How Getting Blackout Drunk Blocks New Memories From Forming

Drunk man slumped on table
Yoann JEZEQUEL Photography / Getty Images

Have you ever drank so much alcohol that you could not remember parts from the night before? Maybe you cannot remember how you got home.

Perhaps your friends tell you that you were the life of the party, dancing the night away or you woke up somewhere you wished you had not. Or, even worse, maybe you wound up in jail and you have no idea why you were arrested?

If this sounds familiar, then chances are you experienced an alcohol-induced blackout. Blackouts can last a few minutes or for several hours. They can occur in females and males, all people, young and old. Blackouts are real.

Blackouts Are Real and Affect Your Brain's Ability to Learn

Some people who have never had an alcohol-related blackout do not believe that they actually happen. They do not see how someone could carry on a detailed argument or behave outrageously and not remember a thing about it. They think blackouts are convenient excuses. But medicine and science tell us that blackouts are real.

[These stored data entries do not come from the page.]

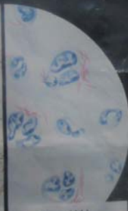
6. Bacilli Tuberculosis
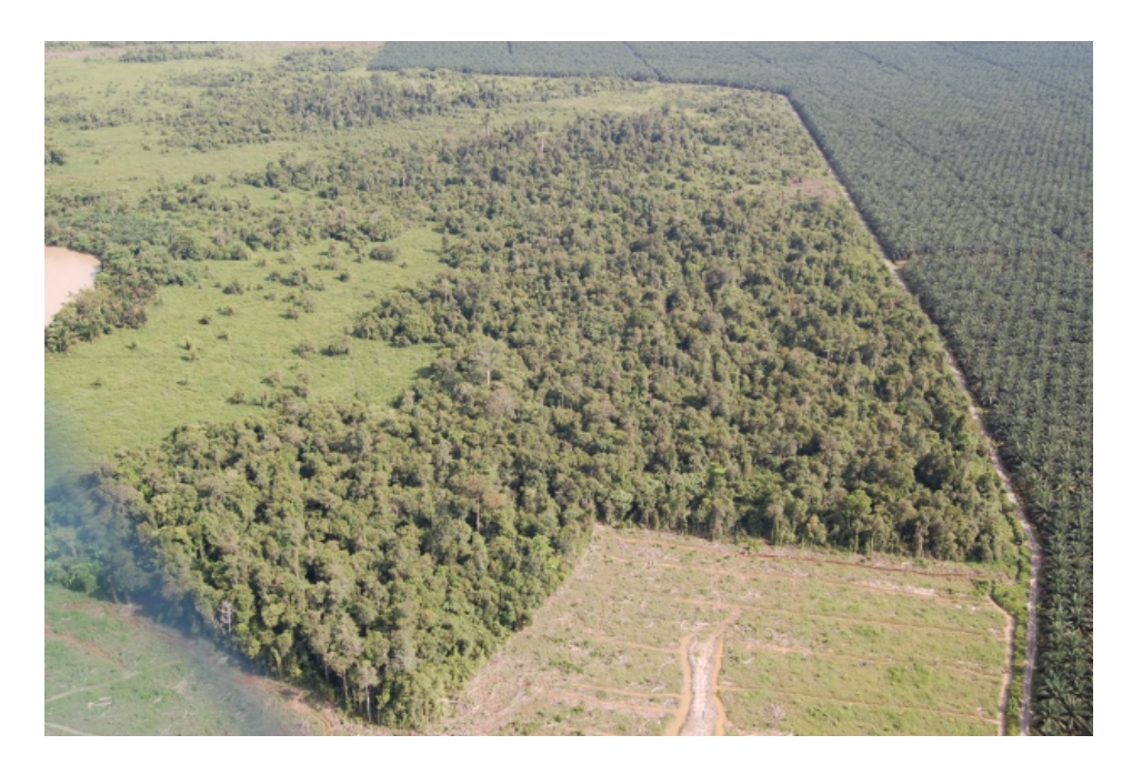
An aerial view of palm plantations, right, beside forest in Borneo. The island's forest cover has decreased dramatically since the mid-1980s. (Marc Ancrenaz)

cause widespread crop damage as they have only one mouth to feed.
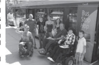
The Langley Lions won the Bus Stop Hop!

For more info or to participate next year, visit www.bcpara.org .
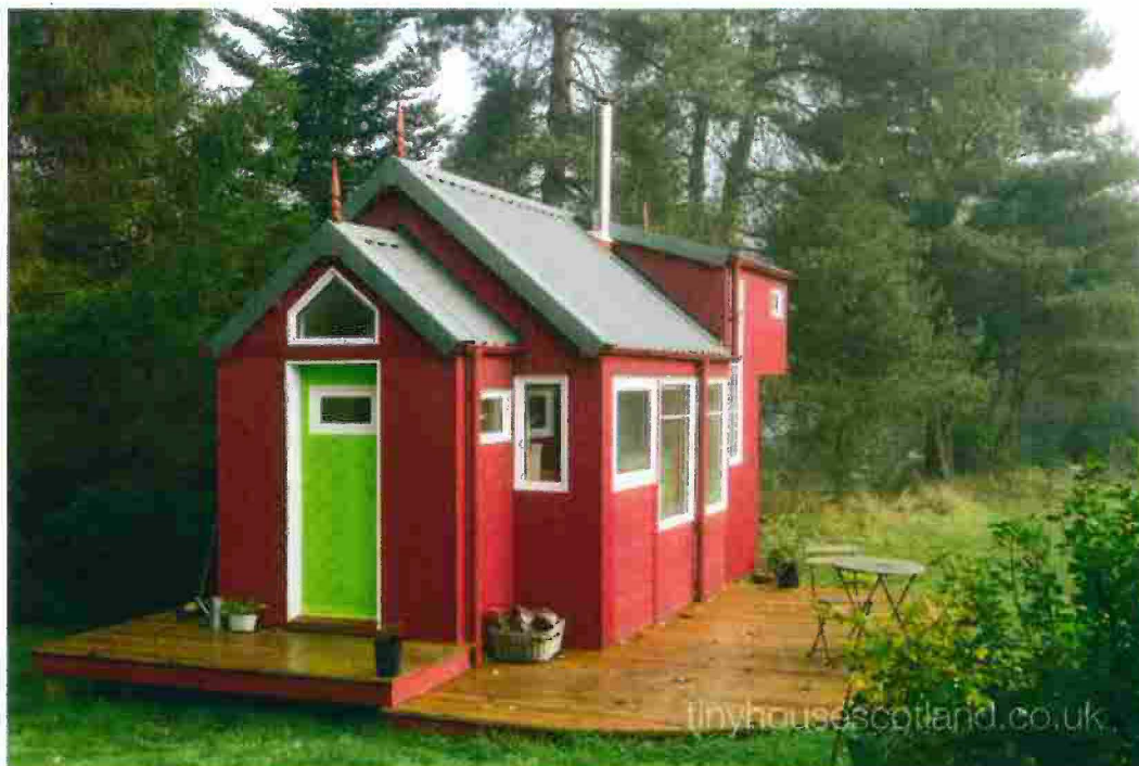
Jonathan Avery/Tiny House Scotland

Edinburgh City Council donated the land for the village, which will also include a vegetable garden, chicken coop, and furniture workshop.
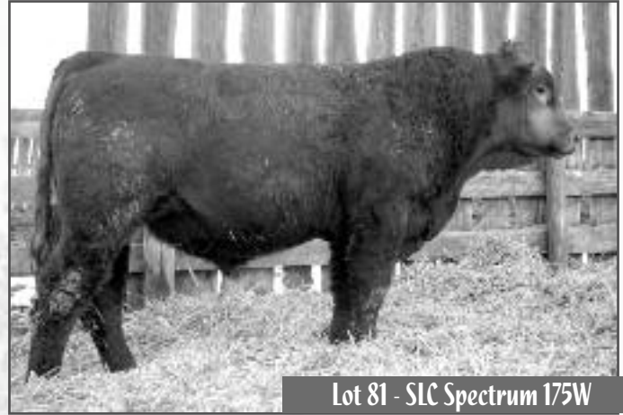
Lot 81 - SLC Spectrum 175W
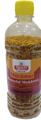
Dhanadal Mukhwas 12 x 250g
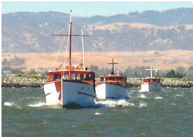
Colleen, Killara, Northstar II
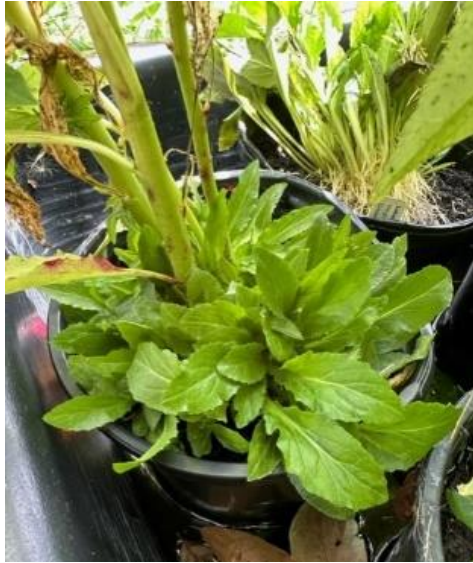
Basal rosette of cardinal flower as plant exits winter dormancy.

Are you looking to fill that garden wet spot, take a stroll along a stream, maybe watch a hummingbird feed? Then be on the lookout for cardinal flowers during your next nursery visit or outdoor activity as this plant’s native region encompasses the northern half of Florida and beyond. The water loving native features tubular red flowers on bloom spikes reaching 3 to 5 feet tall and a bloom period running from late summer through early winter when the plant enters winter dormancy. Although a short-lived perennial, some plants will perish after the initial bloom. Plant cardinal flower in moist areas along a body of fresh water such as a pond edge, stream margin, or even low-lying areas in partial sun. Cardinal flower will naturally self-sow if seed to soil contact is good, seeds are unencumbered by mulch, and soil is kept moist. For additional information on FNPS: http://www.fnps.org .
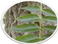
Amur Cork Bark
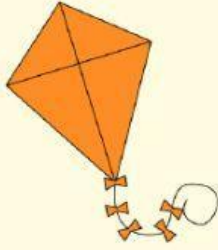
kite – train
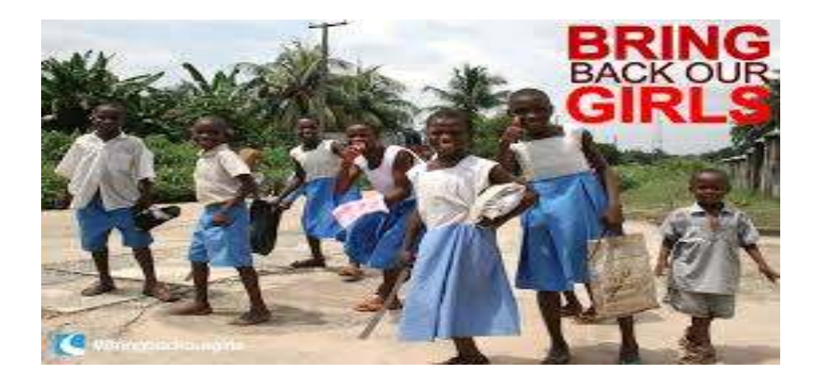
Figure 10. Real Time Images

The image portrays school children, of different ages, with smiling faces, which is an expression of excitement. What seems to excite them is the fact that they go to school, something that can be gleaned from the school uniforms they wear. Unlike the images discussed so far, this particular image shows happy faces. The reason, it seems, is to communicate what Boko Horam has stolen from the Chibok girls. Not only has it separated the girls from their mothers, but it has also robbed them an opportunity to build their own dreams and shape their destiny through education. More so, that from abducting them they took away their freedom, their peace and the smiles on their faces. The image is certainly a counter-attack on Boko Haram's propaganda against Western education.
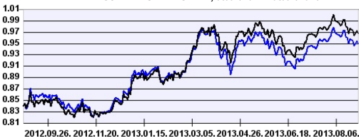
NET ASSET VALUE PER SHARE, 09/01/2012 - 08/31/2013

--- AEGON International Equity Fund HUF series --- Benchmark
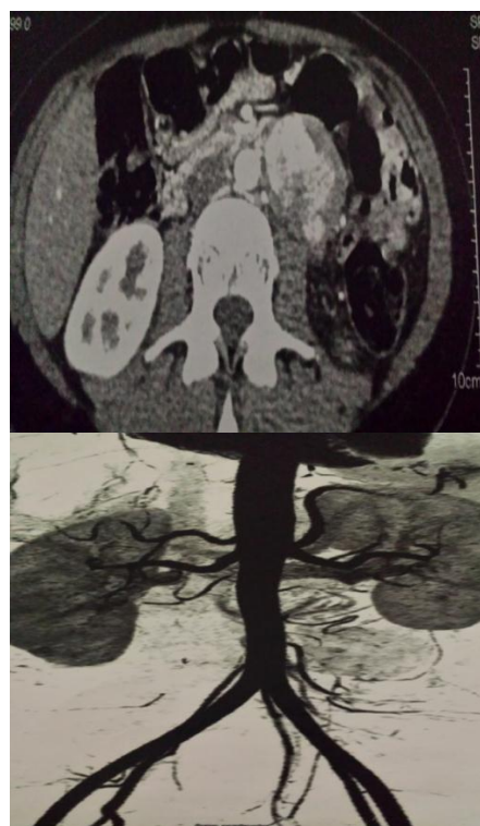
Fig 1: CT image of the paraganglioma of the organ of Zuckerkandl.

The abdominal angio-CT scan performed, showed a polylobate retroperitoneal mass situated on latero-aortic surface and under the left kidney in close contact with the psoas muscle. The mass measured 7.2 cm on its longest axis and 5 cm in thickness with a tissue-like nature inferiorly, hypodense superiorly and contrast enhancing externally. There was a mass effect on the branches of the superior mesenteric vein externally without any signs of invasion or lymphadenopathies. (FIG. 1)
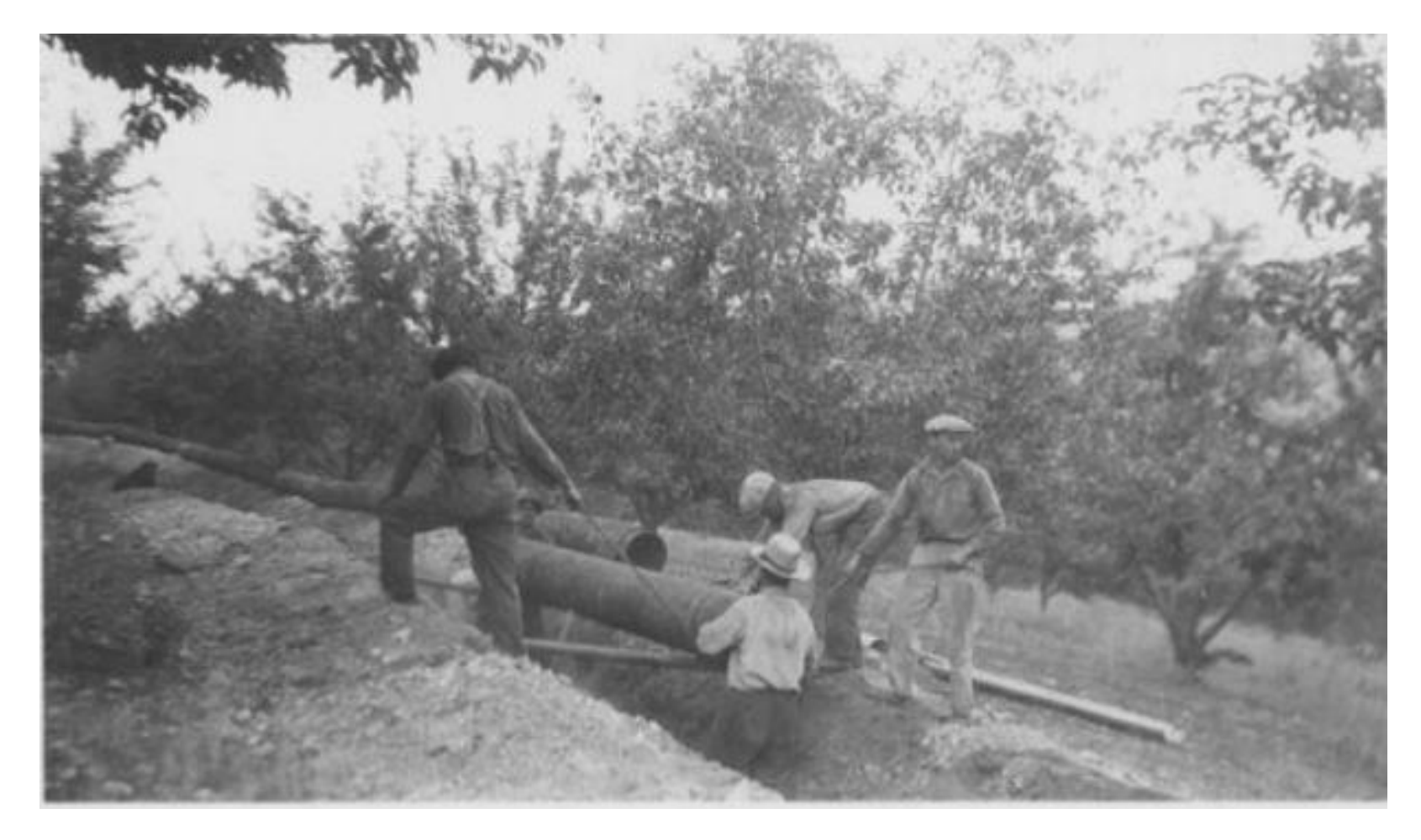
Men working on irrigation lines
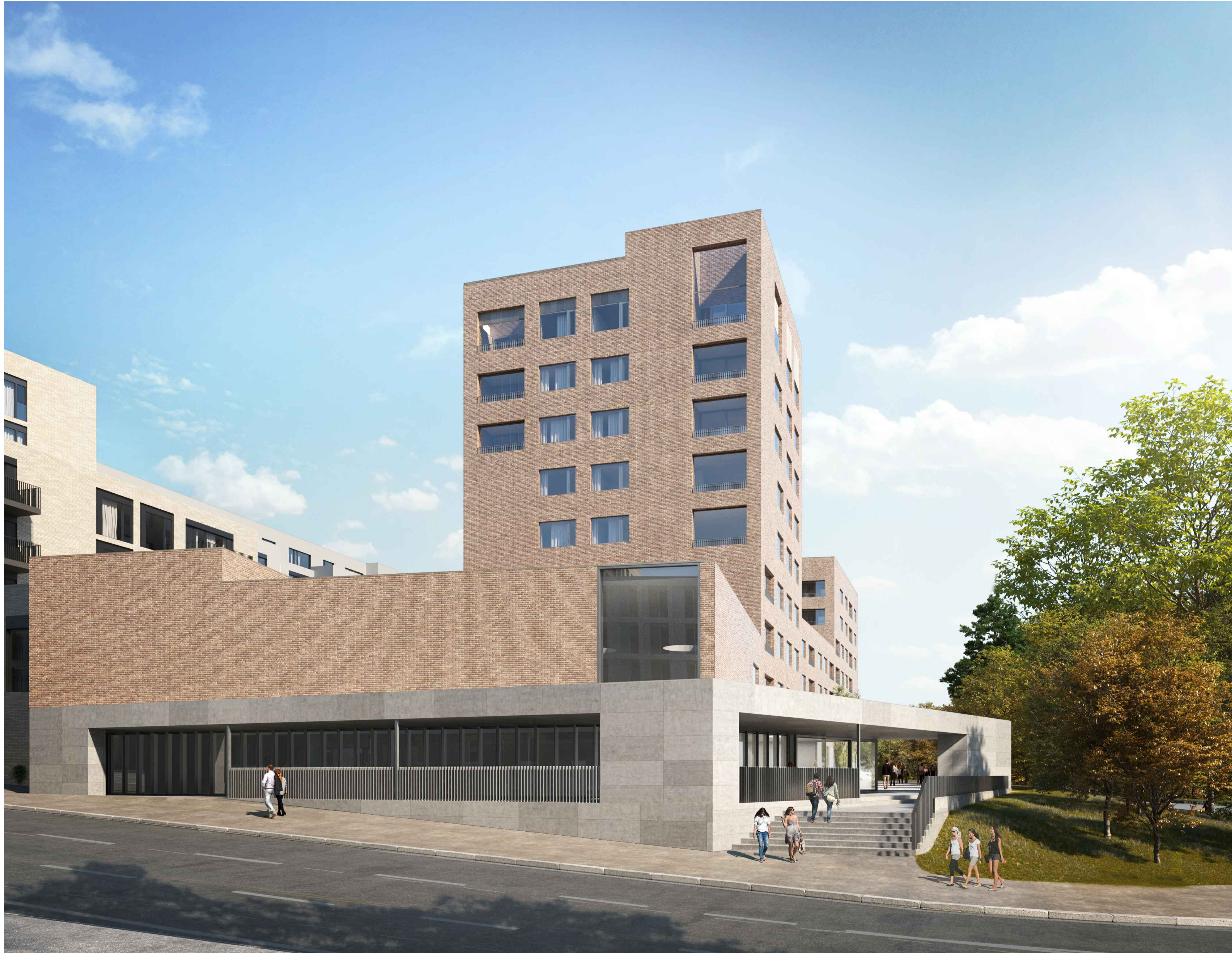
VIEW OF LIBRARY ENTRANCE FROM N11 JUNCTION
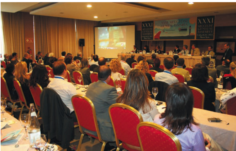
The General Assembly gets underway
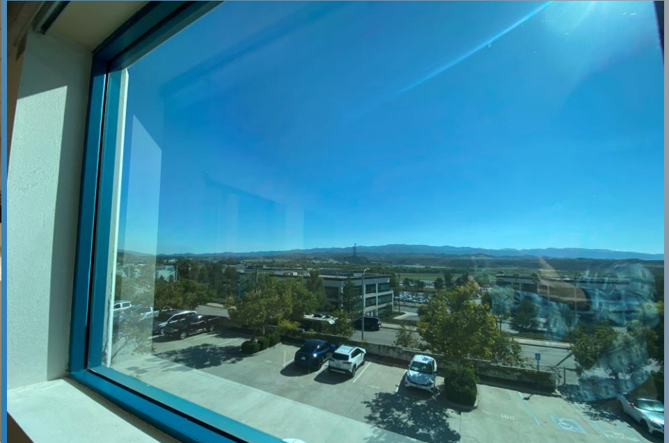
Beautiful Office Views
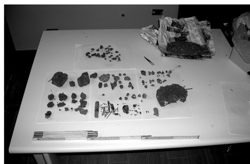
Figure 7. Aggregates found in the sample extracted in via Spinuzza a Cefalù.

Now the adobe wall is covered by plaster, and only in two little recesses has it been left visible. In 2012 a sample was removed (Fig. 6), to examine the components of the mixture forming the bricks (whose dimensions are about 8 \times 18 \times 40 cm). Preliminary analysis showed that slightly clayey earth was kneaded with sand and with heterogeneous aggregates: straw and terracotta fragments, bone splinters and slivers of wood, pieces of reed or little shells (Fig. 7). Radiocarbon dating carried out by CEDAD (CENtro DATazione e Diagnostica, University of Salento) on the vegetable fibres contained in the sample, date this find to a period range most probably around 1640 AD.
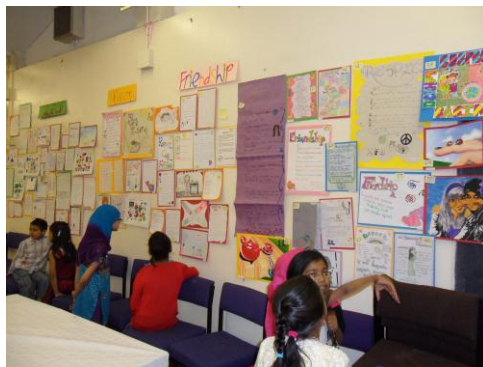
Picture Above: Exhibition of children's work at the Resident's Fun day held on 28.07.11
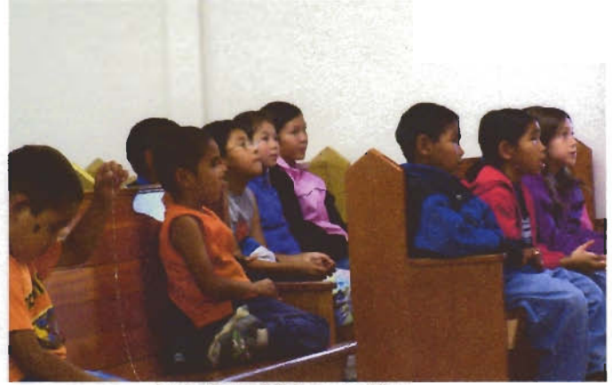
Attentive children in Kiana.jpg
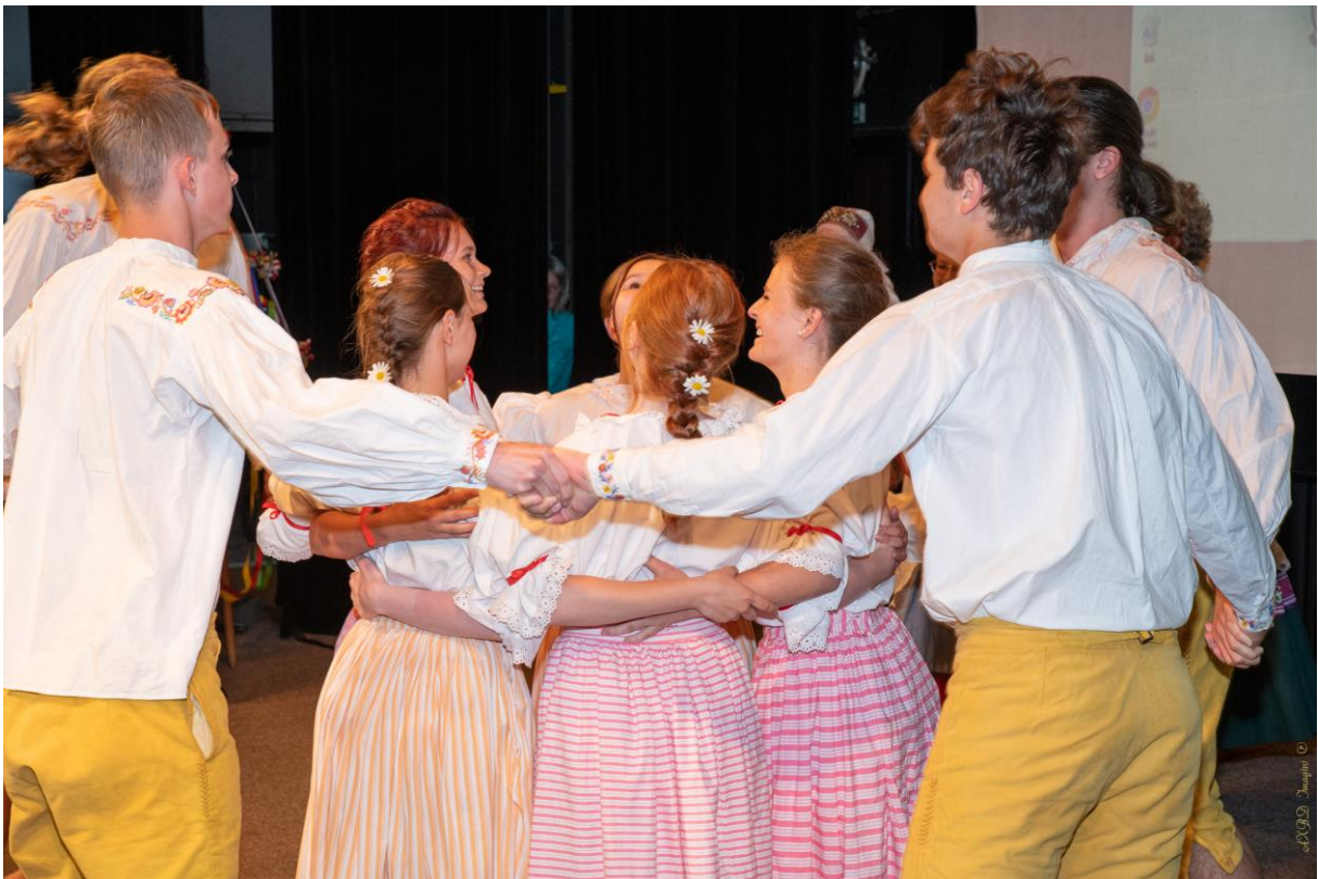
Czech Cultural Performance
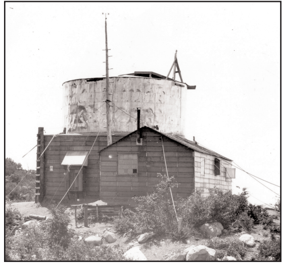
Harvard Observatory on Mount Wilson, ca. 1889.

October 14 Tuesday 7:30 PM Senior Center in Memorial Park 222 W. SIerra Madre Blvd.
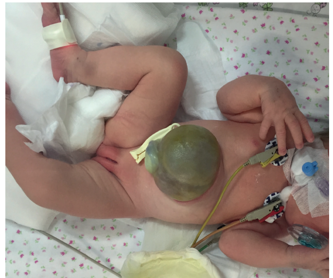
Fig. 3: Omphalocele.

of both the small and the large intestine and rarely the liver and the gallbladder. Associated anomalies and chromosomal aberrations happen rarely, as shown by Haas et al, who described a series of 7 newborns with umbilical cord hernia whose amniocentesis had normal karyotype, as in our case (2, 3).

For many years, it was believed that drinking too much alcohol was killing brain cells or the neurons in the brain that receive signals, and that was the cause of memory loss.

Now we know that too much alcohol in the body can trigger a chemical reaction in the brain that blocks the brain's ability to learn. The brain cells continue to process information and communicate with each other but are not capable of forming new memories.

The Science Behind Alcohol and Formation of Memories

A person cannot remember something that the brain did not record. Alcohol interferes with receptors in the brain that carry signals between neurons or brain cells. Alcohol affects some brain cells differently than others—it can inhibit some and later activate others—causing them to manufacture steroids that prevent memory formation.

The steroids produced by the alcohol-affected brain cells can reduce the strength of the brain's connections between brain cells which is critical for learning and memory. The steroids interfere with synaptic plasticity or the brain's communication system of passing signals between cells. This communication system is a necessary component of memory formation.

Drugs Can Also Cause Blackouts

It takes a lot of alcohol to cause a blackout. Research shows that a moderate amount of alcohol does not affect the brain. However, combining alcohol with other drugs is much more likely to cause blackouts than alcohol alone or drugs alone.

Blackouts Signal a Drinking Problem

Blackout drinking is also considered a symptom of an alcohol problem. If you frequently drink to the point that you do not remember events from the night before, you may want to take an online quiz to see if your drinking has reached the level of alcohol abuse or alcohol dependence.

If you find that you have developed a drinking problem, you may want to get help in cutting down or quitting altogether.